Extended cervical approach for retrosternal multinodular goiter

Acta Otorhinolaryngol Ital. 2024 Feb;44(1):21-26. doi: 10.14639/0392-100X-N2746.

Abstract

Objective: Partial or total sternotomy is required for 10% of retrosternal goiter. This study reviewed our experience with an extended cervicotomic approach as an alternative surgical solution for retrosternal goiter.

Methods: A retrospective study was performed on patients who underwent partial or total thyroidectomy for retrosternal goiter between 2014 and 2019 at a tertiary medical centre. Data on clinical, radiologic, and pathologic factors were analysed. Peri- and postoperative outcomes were compared between extended and standard cervical approaches to predict the need for an extended cervical approach.

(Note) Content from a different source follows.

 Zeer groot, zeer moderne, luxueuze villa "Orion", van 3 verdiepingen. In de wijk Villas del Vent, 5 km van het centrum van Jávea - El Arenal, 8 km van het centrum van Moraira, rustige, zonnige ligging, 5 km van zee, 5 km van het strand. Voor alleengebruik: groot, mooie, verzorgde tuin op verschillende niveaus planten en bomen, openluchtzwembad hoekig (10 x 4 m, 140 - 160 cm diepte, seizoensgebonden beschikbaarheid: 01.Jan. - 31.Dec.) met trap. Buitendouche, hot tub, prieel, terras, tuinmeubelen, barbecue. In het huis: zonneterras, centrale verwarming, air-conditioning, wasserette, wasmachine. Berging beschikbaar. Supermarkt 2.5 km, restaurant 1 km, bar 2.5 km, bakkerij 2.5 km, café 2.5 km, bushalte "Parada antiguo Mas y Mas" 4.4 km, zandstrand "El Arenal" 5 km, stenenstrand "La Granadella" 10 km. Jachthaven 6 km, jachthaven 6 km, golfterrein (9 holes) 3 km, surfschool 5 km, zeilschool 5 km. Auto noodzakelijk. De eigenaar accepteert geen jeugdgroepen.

Results: The cohort included 265 patients, of whom 245 (92.4%) were treated by standard thyroidectomy. In 17 (6.4%), the standard approach proved insufficient, and the horizontal incision was extended to a T-shape to improve access. The remaining 3 patients required a sternotomy. Use of the extended cervical approach was significantly associated with clinical features such as male gender, diabetes, high body mass index and postoperative hypocalcaemia.

Conclusions: The extended cervicotomic approach is an alternative surgical solution for retrosternal goiter, with no increased risk of significant post-operative complications.

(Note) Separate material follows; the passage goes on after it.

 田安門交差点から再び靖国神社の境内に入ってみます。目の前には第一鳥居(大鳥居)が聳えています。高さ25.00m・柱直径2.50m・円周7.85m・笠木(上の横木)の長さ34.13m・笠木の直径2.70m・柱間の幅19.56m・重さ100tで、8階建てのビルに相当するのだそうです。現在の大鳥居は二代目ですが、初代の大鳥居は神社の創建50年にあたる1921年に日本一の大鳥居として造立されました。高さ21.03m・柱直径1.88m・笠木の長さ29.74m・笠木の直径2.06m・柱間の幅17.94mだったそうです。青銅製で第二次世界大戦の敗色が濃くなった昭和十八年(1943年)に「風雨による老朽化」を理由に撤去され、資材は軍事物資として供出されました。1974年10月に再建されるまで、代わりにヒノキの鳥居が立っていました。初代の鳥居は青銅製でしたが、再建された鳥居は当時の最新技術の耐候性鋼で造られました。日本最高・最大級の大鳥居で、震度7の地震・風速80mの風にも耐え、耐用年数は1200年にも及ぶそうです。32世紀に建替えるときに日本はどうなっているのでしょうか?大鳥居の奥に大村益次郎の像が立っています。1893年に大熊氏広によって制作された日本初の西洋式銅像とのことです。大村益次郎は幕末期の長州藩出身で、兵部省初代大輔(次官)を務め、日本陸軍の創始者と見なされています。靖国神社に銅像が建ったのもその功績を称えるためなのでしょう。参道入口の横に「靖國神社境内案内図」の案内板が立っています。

Keywords: cervicotomy; extended approach; hypoparathyroidism; retrosternal goiter; sternotomy.

MeSH terms

  • Goiter* / etiology
  • Goiter* / surgery
  • Goiter, Substernal* / etiology
  • Goiter, Substernal* / surgery
  • Humans
  • Male
  • Postoperative Complications / etiology
  • Retrospective Studies
  • Sternotomy
  • Thyroidectomy / adverse effects

Grants and funding

This research did not receive any specific grant from funding agencies in the public, commercial, or not-for-profit sectors.